(Records excerpted from a collection)
=== Begin Enclosure ===
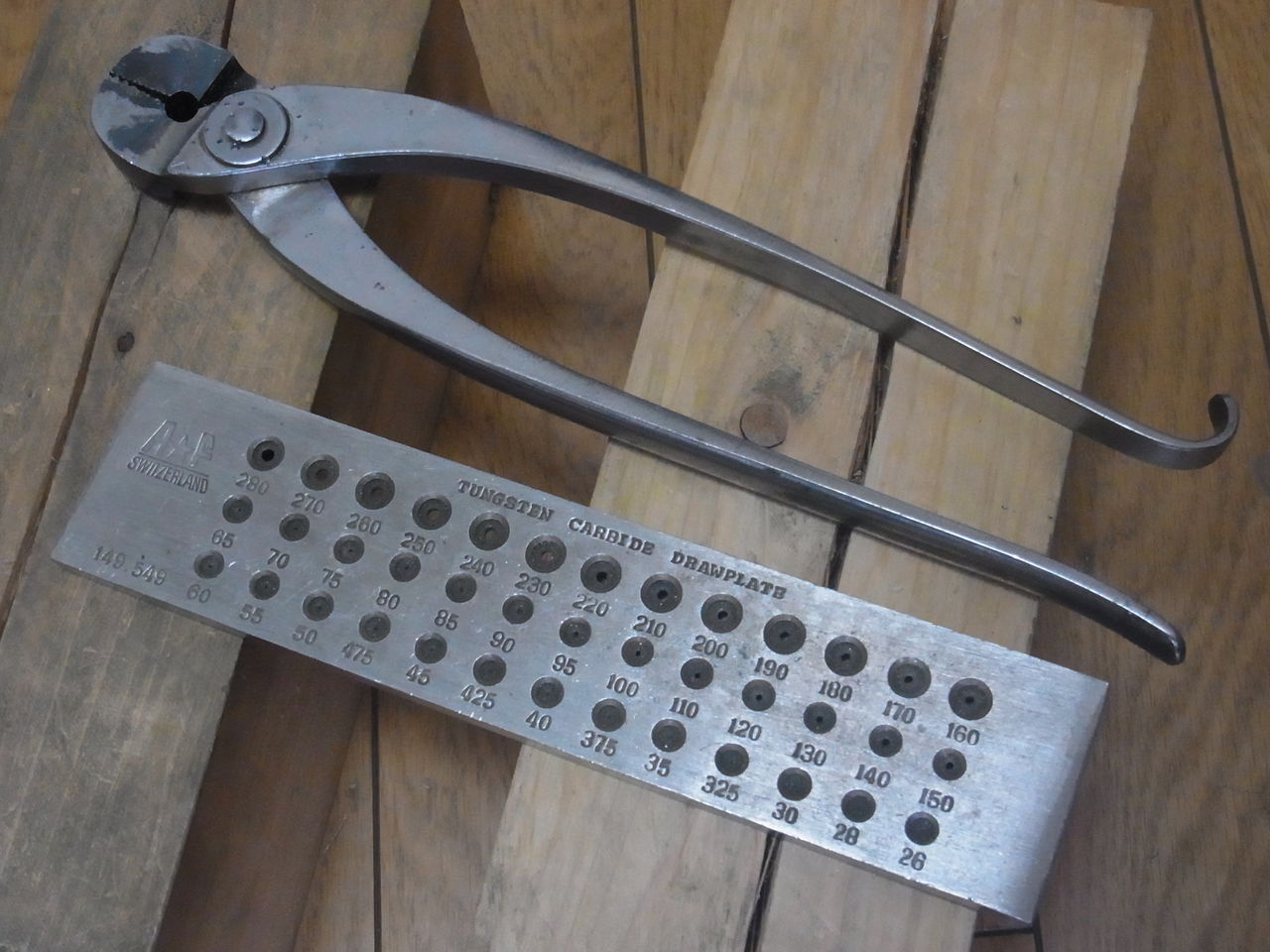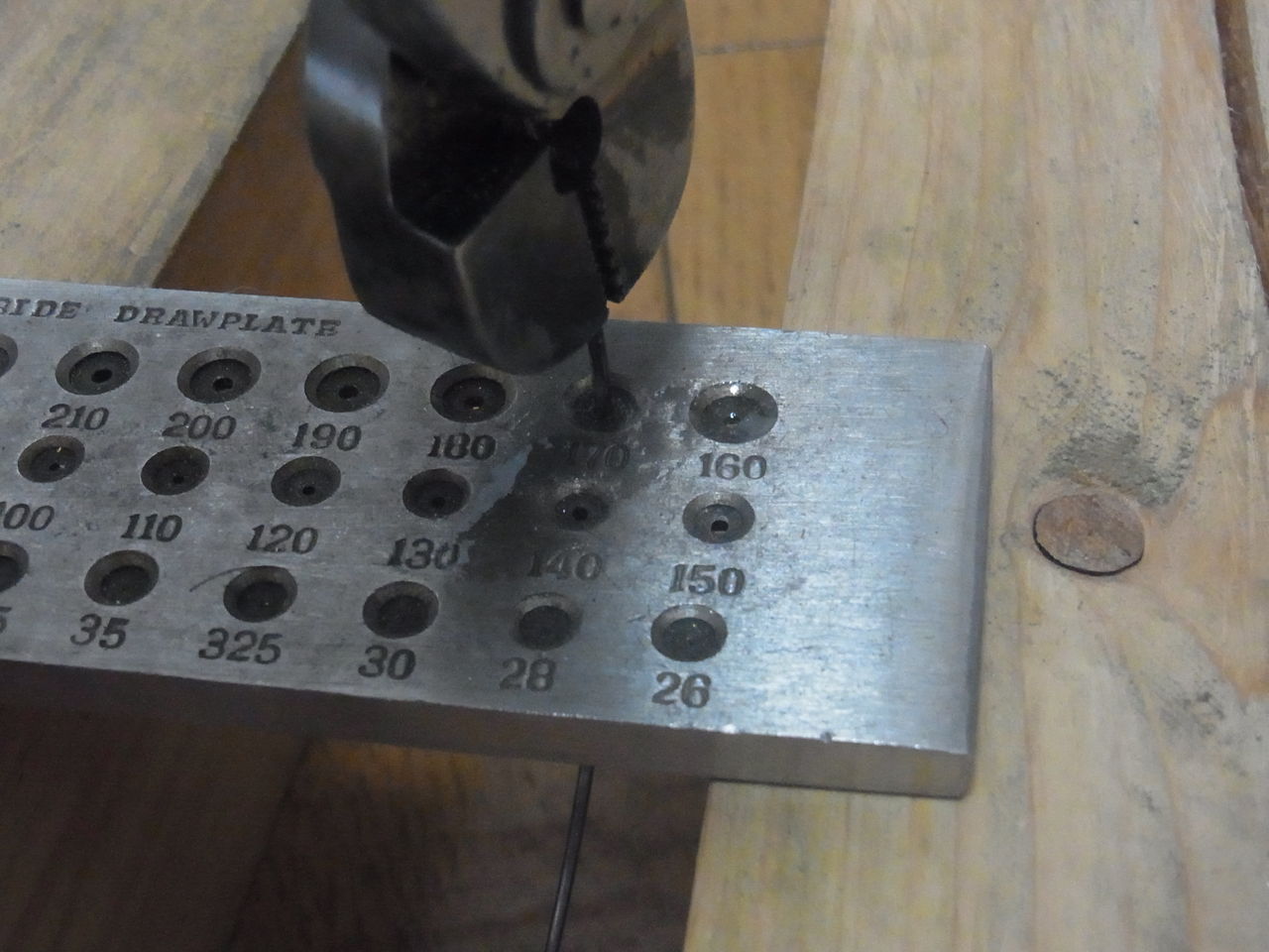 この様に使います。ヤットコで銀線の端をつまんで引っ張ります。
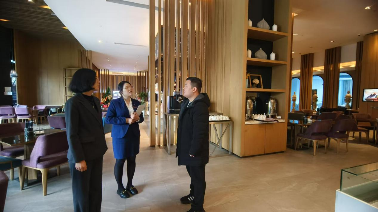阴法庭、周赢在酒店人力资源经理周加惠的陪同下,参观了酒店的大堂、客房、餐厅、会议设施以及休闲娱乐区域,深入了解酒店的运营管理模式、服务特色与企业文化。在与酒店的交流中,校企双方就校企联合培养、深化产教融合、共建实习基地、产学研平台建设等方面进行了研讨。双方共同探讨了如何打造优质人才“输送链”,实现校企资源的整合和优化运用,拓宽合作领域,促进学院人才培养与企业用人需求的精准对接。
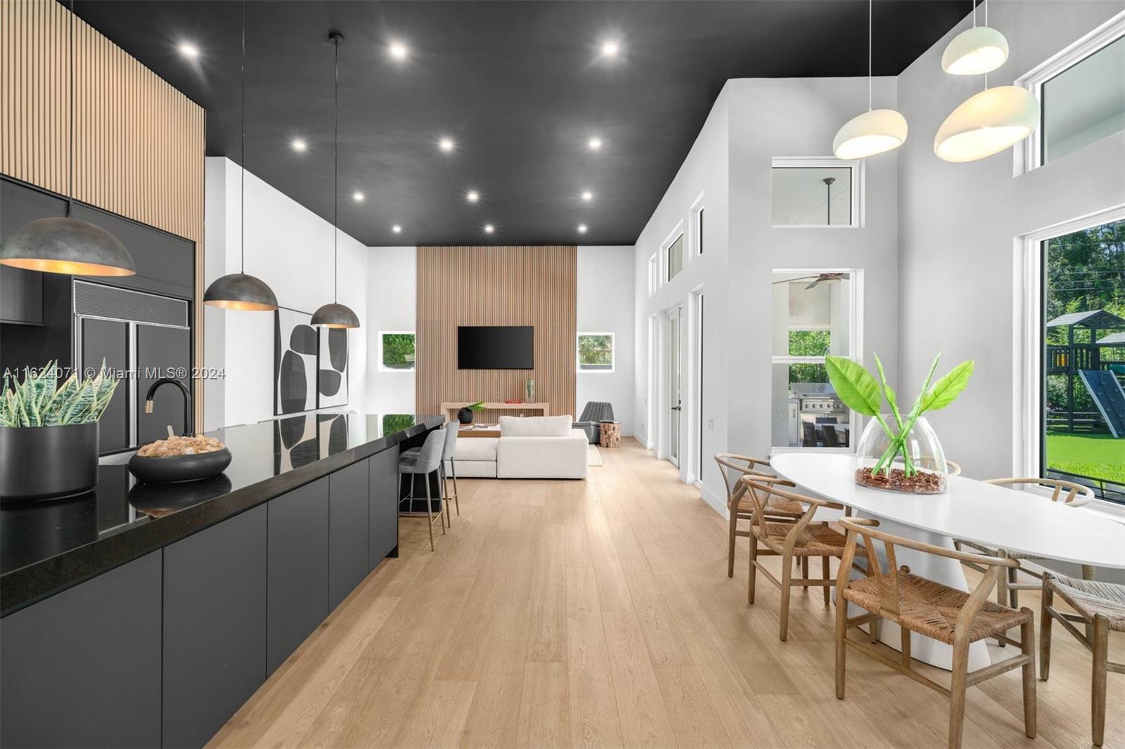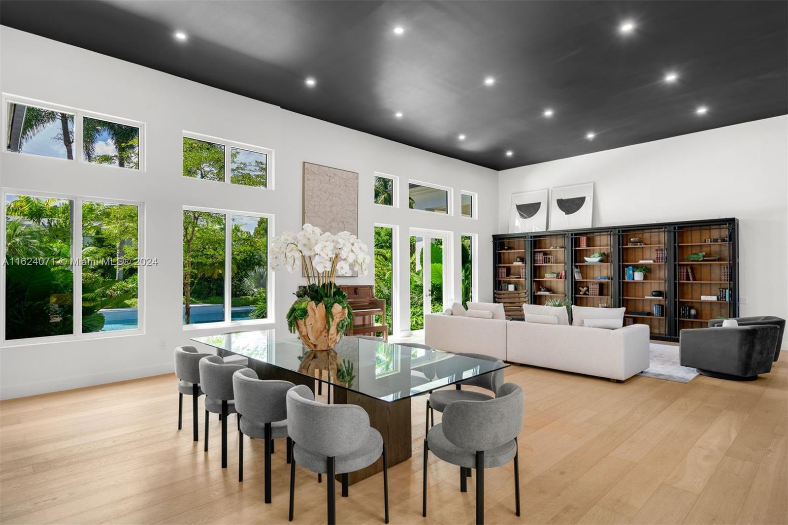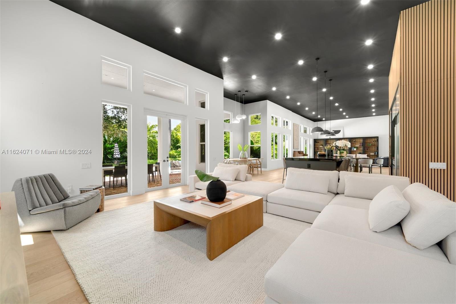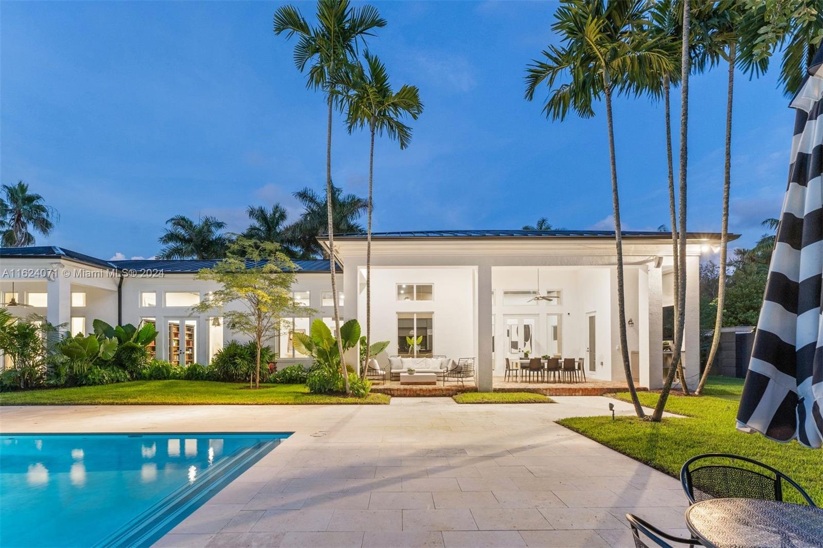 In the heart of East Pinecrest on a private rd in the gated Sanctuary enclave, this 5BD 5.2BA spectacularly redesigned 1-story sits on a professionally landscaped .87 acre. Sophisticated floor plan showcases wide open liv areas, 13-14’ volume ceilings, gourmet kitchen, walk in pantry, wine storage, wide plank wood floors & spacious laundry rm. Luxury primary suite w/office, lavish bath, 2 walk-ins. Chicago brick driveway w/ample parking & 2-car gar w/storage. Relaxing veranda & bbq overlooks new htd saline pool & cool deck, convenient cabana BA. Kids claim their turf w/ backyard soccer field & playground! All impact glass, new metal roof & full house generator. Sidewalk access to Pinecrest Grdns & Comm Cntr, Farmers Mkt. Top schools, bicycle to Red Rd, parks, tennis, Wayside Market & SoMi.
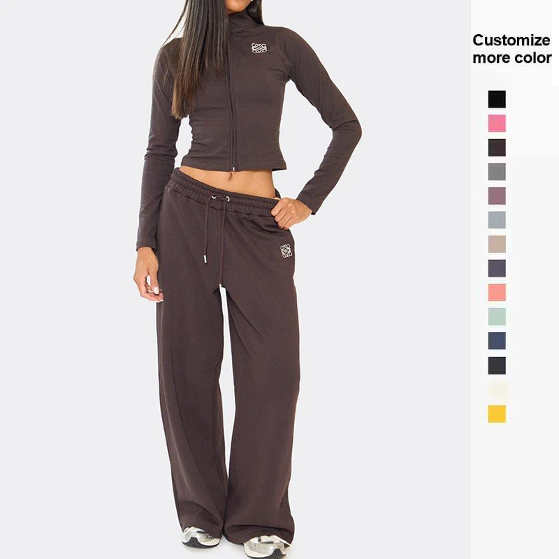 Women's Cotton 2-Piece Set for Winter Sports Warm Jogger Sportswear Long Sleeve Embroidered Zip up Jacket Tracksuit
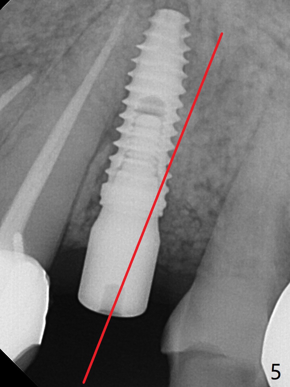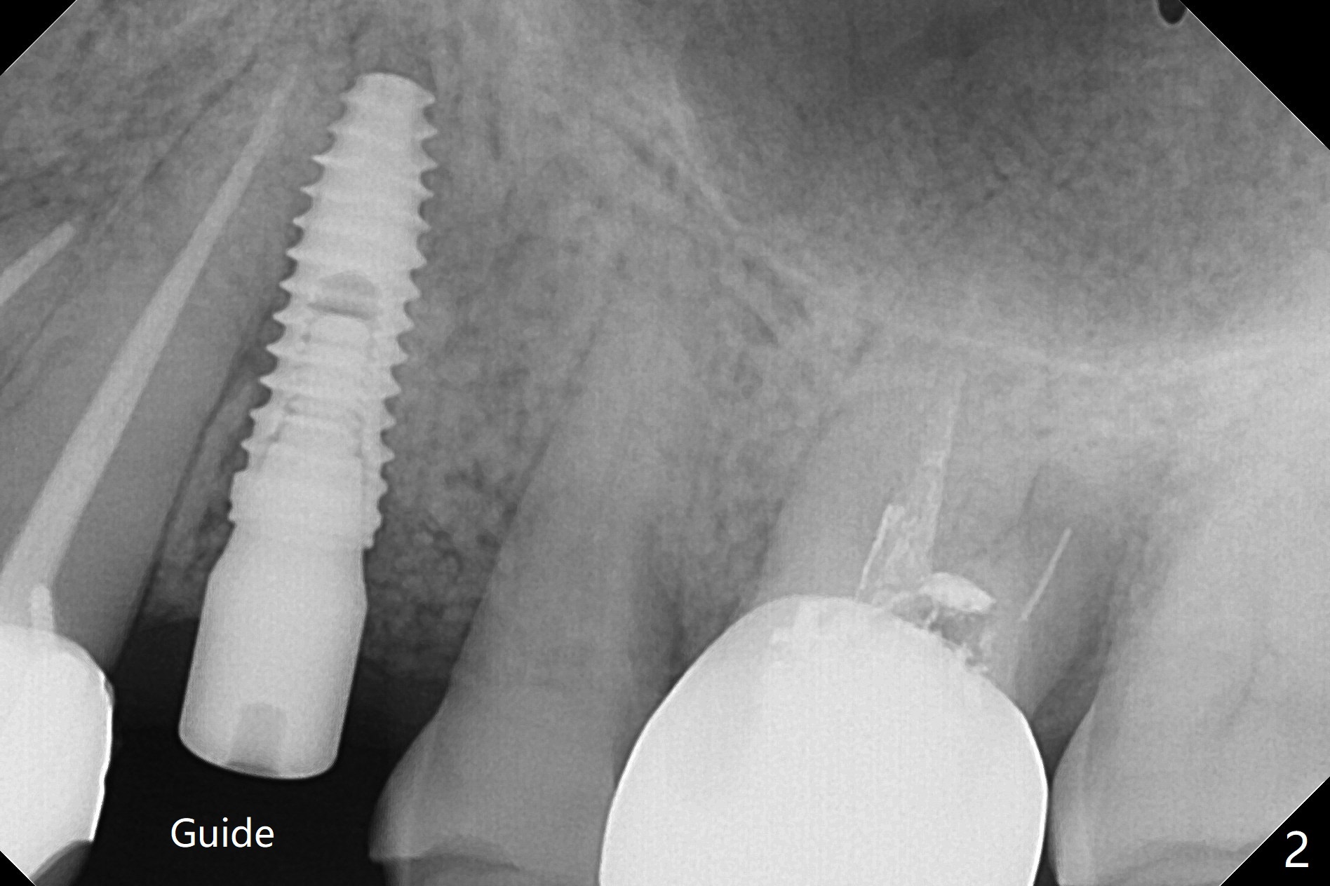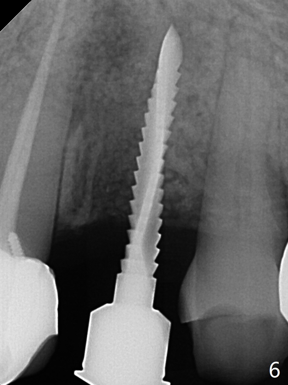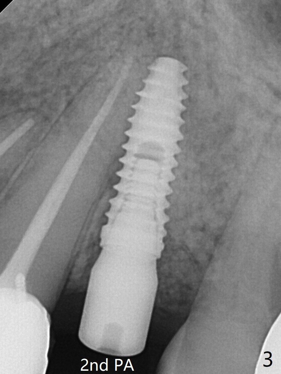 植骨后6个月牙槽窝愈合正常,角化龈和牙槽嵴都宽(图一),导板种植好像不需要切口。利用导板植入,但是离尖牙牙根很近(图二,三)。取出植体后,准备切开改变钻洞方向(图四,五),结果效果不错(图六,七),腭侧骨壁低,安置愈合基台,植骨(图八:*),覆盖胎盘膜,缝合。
=== End Enclosure ===
Assignment: Only the lines from the beginning of the records up to and including the line with "In the heart" should appear, exactly as they are, and no pictures.

Task solution:
 この様に使います。ヤットコで銀線の端をつまんで引っ張ります。
阴法庭、周赢在酒店人力资源经理周加惠的陪同下,参观了酒店的大堂、客房、餐厅、会议设施以及休闲娱乐区域,深入了解酒店的运营管理模式、服务特色与企业文化。在与酒店的交流中,校企双方就校企联合培养、深化产教融合、共建实习基地、产学研平台建设等方面进行了研讨。双方共同探讨了如何打造优质人才“输送链”,实现校企资源的整合和优化运用,拓宽合作领域,促进学院人才培养与企业用人需求的精准对接。
 In the heart of East Pinecrest on a private rd in the gated Sanctuary enclave, this 5BD 5.2BA spectacularly redesigned 1-story sits on a professionally landscaped .87 acre. Sophisticated floor plan showcases wide open liv areas, 13-14’ volume ceilings, gourmet kitchen, walk in pantry, wine storage, wide plank wood floors & spacious laundry rm. Luxury primary suite w/office, lavish bath, 2 walk-ins. Chicago brick driveway w/ample parking & 2-car gar w/storage. Relaxing veranda & bbq overlooks new htd saline pool & cool deck, convenient cabana BA. Kids claim their turf w/ backyard soccer field & playground! All impact glass, new metal roof & full house generator. Sidewalk access to Pinecrest Grdns & Comm Cntr, Farmers Mkt. Top schools, bicycle to Red Rd, parks, tennis, Wayside Market & SoMi.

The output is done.